Ob Zimmer-Raten wirklich eine Erfindung sind, um dem Wunsch des Gastes nachzukommen ist zumindest diskutierbar. Klar, jeder Gast hat sein Präferenzen, der eine sucht lieber Schnäppchen und zahlt dafür auch schon mit Voraus, der andere will lieber flexibel bleiben und akzeptiert dafür den höheren Preis. Wenn eine Unterkunft auf diese Bedürfnisse eingeht, erhöht sie den Ertrag als Ganzes. Soweit die Theorie. Preise sind aber auch ein höchst emotionales Thema. Wenn wir beim Einkauf misstrauisch werden, weil uns der angepriesene Rabatt wie eine Mogelpackung vorkommt, endet das in Kaufzurückhaltung.  Das Preisvertrauen wackelt, niemand will übervorteilt werden.

Aus Sicht der Conversion kann eine Vielfalt an Preisraten auch Preis-Verwirrung bewirken und im Buchungsabbruch enden.

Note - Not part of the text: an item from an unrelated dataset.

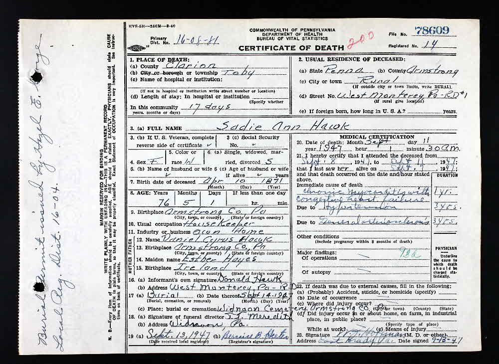 - [S32] Death Certificate, Pennsylvania, Death Certificates 1906-1967 for Sadie Hawk, # 78609.

Screenshot einer Buchungsmaschine auf der Webseite eines Hotels musst der Gast im ersten Schritt der Buchung für das selbe Zimmer für den selben Zeitraum aus vier verschiedenen Preisen (Raten) wählen.
Gast kann aus 4 verschiedenen Raten wählen – Webseite eines Hotels

In diesem Screenshot einer Buchungsmaschine auf der Webseite eines Hotels musst der Gast im ersten Schritt der Buchung für das selbe Zimmer für den selben Zeitraum aus vier verschiedenen Preisen (Raten) wählen. Und während er grübelt, warum der „Hotdeal -10%“ gleichviel kostet wie der „2 Nächte -10%“-Preis, wo der Unterschied liegt und warum ihm der Frühbucher angezeigt wird, obwohl er kürzer als 21 Tage im Voraus suche, hat er schon so viel Hirnschmalz verbraucht, dass er die Buchung am liebsten abbrechen würde.

In diesem Fall handelt es sich eher um Ratenunlogik als Ratenlogik.